But these observations are quick to note down in one’s log book. I think the times I am truly awoken from a sort of unconsciousness are when we walk. My dog is especially stubborn. She is a shihtzu, and she doesn’t shed. In the summers, it gets far too hot for her, so we have to carry her home most of the time. Because of this precedent, she has, for years, decided that her compass points in one direction. And, in that direction, we must walk as far as possible at whichever speed she most prefers. I must, therefore, carry her home. I don’t really mind. It only gets difficult when she wriggles in my arms so she can see in the direction we’re walking, rather than over my shoulder. So with this in mind, I’m sure you can imagine I’ve had a lot of time to think…

I’ve wondered about how other dog owners or trainers might view this behaviour. Your dog should obey you. Your dog should walk in the path you prescribe. But, it’s not that easy. She’s small. She has a heart problem. So, when she’s tired. I’ll carry her. She’s also especially nosey. She spies on what people do. She does her business for them, too. You should be flattered. I am not at my most flattering angles whilst cleaning up her mess, but one must. For instance, there is someone in my neighbourhood who never cleans up after their dog. I feel like that’s the most basic of contracts you make with your dog and society. You poop; therefore, I scoop. Additionally, I’m beginning to wonder if another of my neighbours has a small pony they walk. A small flowerbed could be fertilized. I know this borders on the side of a disturbing topic, but I don’t think we should be as taboo about this stuff. Maybe, then, my neighbours would pick up after their doggies. Also, before I begin my next thought, I do not want it to seem contradictory that I am saying poop should be less of a banned topic and also affirming that my neighbours should clean it. It’s basic hygiene guys. Do your do.

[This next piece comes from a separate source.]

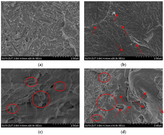 SEM micrographs of fracture surfaces of the composites containing: 5% HNT (a); 5% HNT-g (b); 5% ATH-sil (c), and 2.5% HNT-g + 2.5% ATH-sil (d).

Alright. So, I might have mentioned it before, but there is this philosopher, Julia Kristeva, who describes abjection. Kristeva explains that the abject is neither the subject nor the object, but it is the thing that is able to disturb the boundaries between finite positions or cultural constructions. An easy example is a corpse. The corpse disgusts the living being because it reminds us of death. Indeed, our own death. We are confronted by death, and we cannot challenge it. Another example is, what I have been discussing above, poop. In order to live, we must eat, we must defecate; but we are disgusted with our waste. So, we push the corpse into the coffin and our poop out of our minds and toilets. Our cultural consciousnesses is burdened and disturbed by these signifiers of death and filth. The corpse was once a conscious being–a subject. The poop is the evidence of food incorporated into our beings–giving us life.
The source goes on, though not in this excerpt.